Toronto Mayor Rob Ford: 'I Am Not Homophobic'

But the city's crack-smoking politician is against showing solidarity with Russia's gay community during the Sochi Olympics, and wants a Pride flag taken down at City Hall.

TORONTO -- Toronto mayor Rob Ford on Tuesday took to YouTube to deny he's against gay people.

"I am not homophobic. I will go to anyone's house, anyone's place to help them out. I take offense when people say that to me," the embattled politician said as he defended a request for a Pride flag atop City Hall, in  solidarity with Russia's gay community during the Sochi Olympics, be taken down.

"This is about supporting our athletes, this is not about your sexual preference. I support our athletes, I support the people that train for four years," Ford argued.

"And there's no reason I can see that we should be putting up the Pride flag during the Olympics," he added in answer to a question from a suburban Toronto mother who said her son is gay and insists the mayor does not represent all citizens.

Doug Ford, the mayor's brother and a city councilor, said he has "gay friends" before insisting the mayor and his family were being bullied by the LGBTQ community.

"Don’t put a gun to anyone's head that disagrees with you. It doesn't mean they hate gays.
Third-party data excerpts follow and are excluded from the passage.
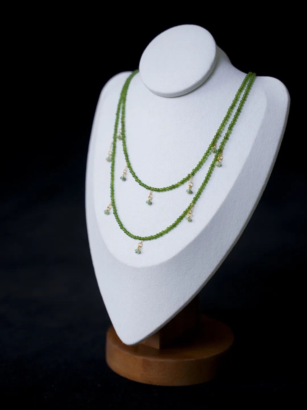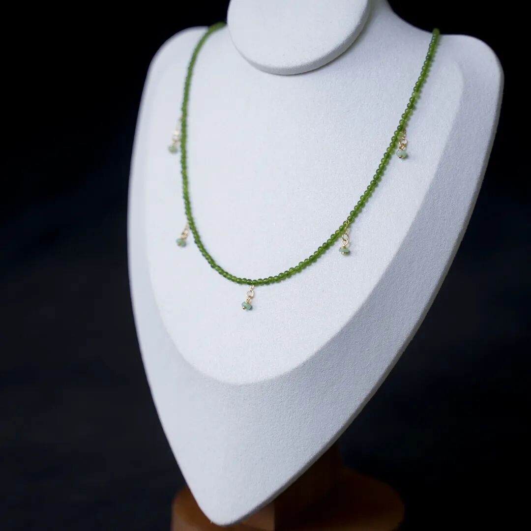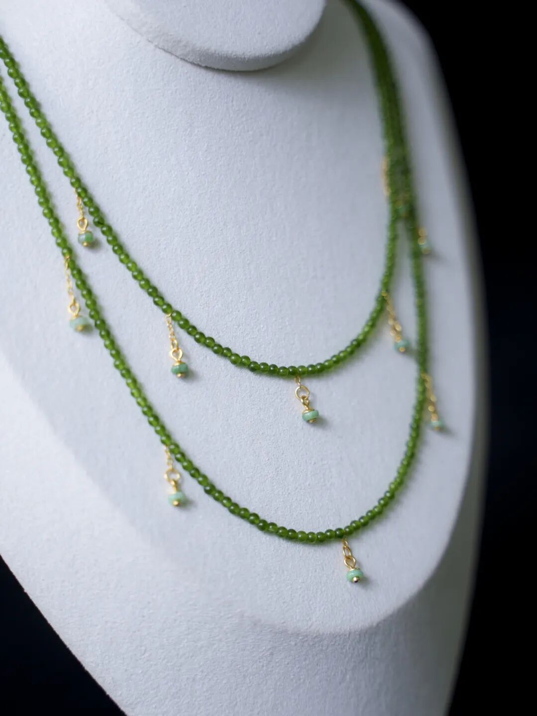 项链款采用3mm的原矿绿松,柔和的光泽散发出神秘纯净的蓝色调。绿松石自古被称为“幸运石”,有着幸福、吉祥的象征。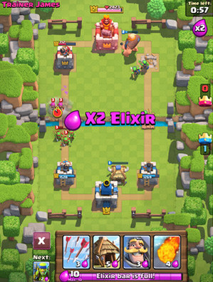 9,尽量做到熟记所有你见过的卡牌的圣水费用,因为这有助你了解对面在使用这张卡牌之后还有多少费可以进攻,比如对面如果下了一个皮卡+王子,已经9费了,这个时候如果你使用4费的骷髅军团解场之后,对面只有1费,你有6费,这个时候如果不建议直接下个王子冲塔,因为对面可能有2费的哥布林挡刀,等一等到你有9费10费的时候对面只有5费6费,可以利用圣水差打一波反击。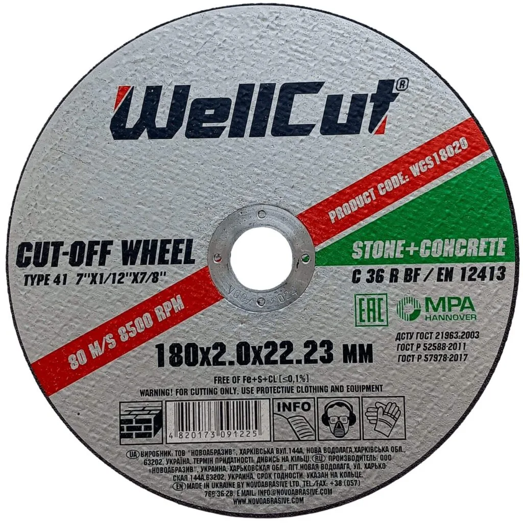 WellCut Cutting disc 180 x 2.0 x 22.23 mm, for stone - professional Cutting discs 180 mm × 2 mm × 22.23 mm fit. Designed for cutting materials such as concrete, stone, brick. Widely used in the following industries: construction, repair and decoration. Profi series - optimal price/quality ratio for daily professional work. Stable cutting quality and durability. Made on the basis of silicon carbide abrasive (specification C36 RBF), which ensures stable processing quality and long service life. Permissible speed up to 8600 rpm - safe work on standard angle grinders. Certified by MPA Hannover (Germany) - independent confirmation of safety and quality according to EN 12413.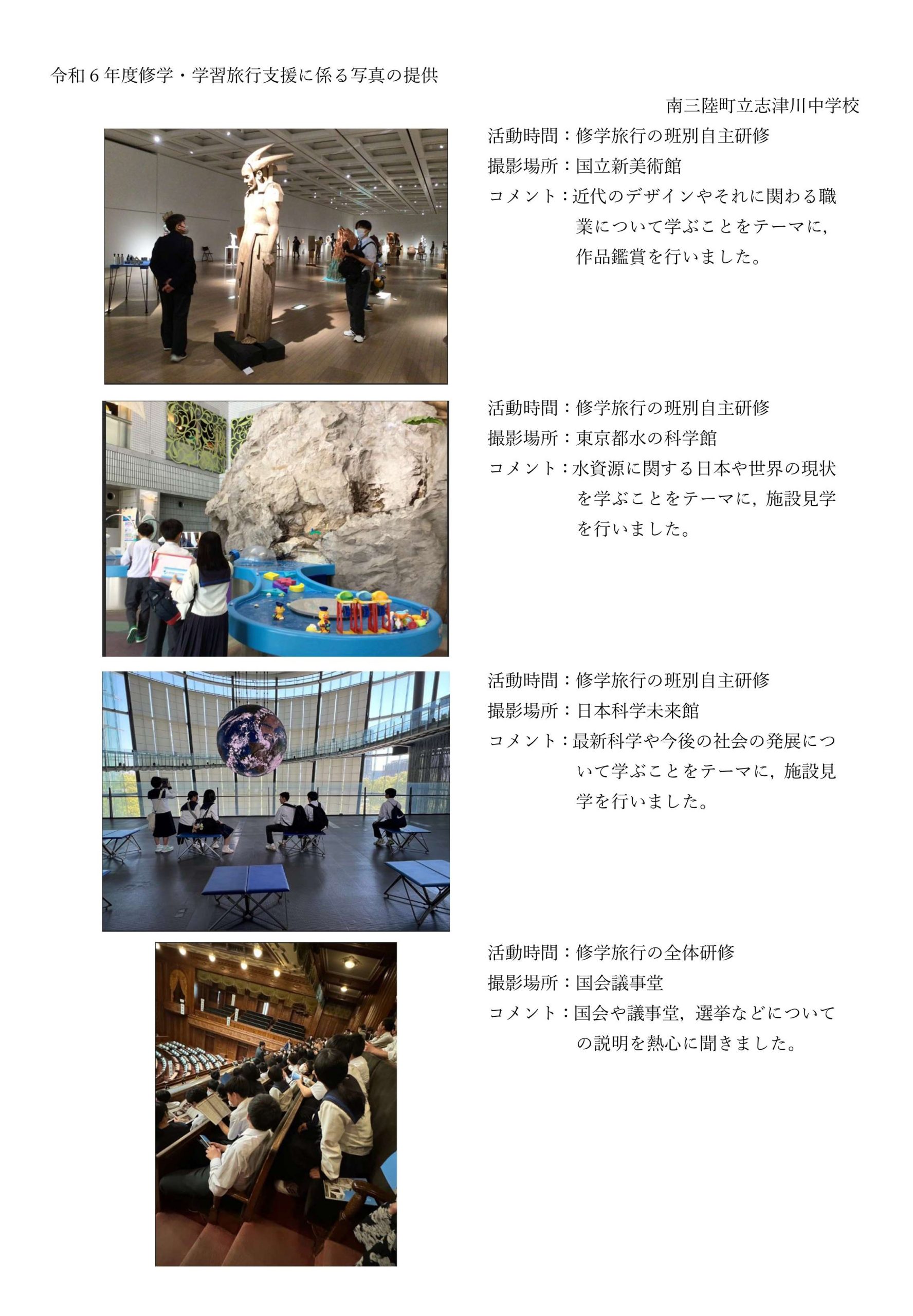 このたび、宮城県本吉郡の南三陸町教育委員会様から南三陸町立志津川中学校が令和6年5月9日~11日に実施した東京方面への修学旅行写真が届きました。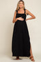 A printed maternity midi dress with a split v-neckline, cuffed short dolman sleeves, a waist tie, side pockets, and side slits. Dress is lined.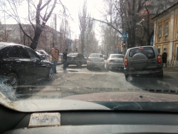 По словам очевидцев, две легковушки, одна из которых марки "Нексия", столкнулись на пересечении Рахова и Рабочей, в результате заняли собой всю дорогу.

It's just a bunch of bullying," Doug Ford told his brother on the YouTube video.

The Ford brothers have launched a weekly online show as part of a re-election bid by the Toronto mayor, despite a continuing media storm and police investigation following admissions of alcohol and drug abuse.

Rob Ford has also been stripped of virtually all his political powers after being mocked by the global media, including late night U.S. talk show hosts, after insisting he is not a "gangbanger," talking crudely about oral sex on TV and admitting to crack cocaine use and "drunken stupors."

The loss of his political powers has in turn forced the Toronto mayor to make a beeline to the media with a failed reality TV show, followed by cheaply produced YouTube videos.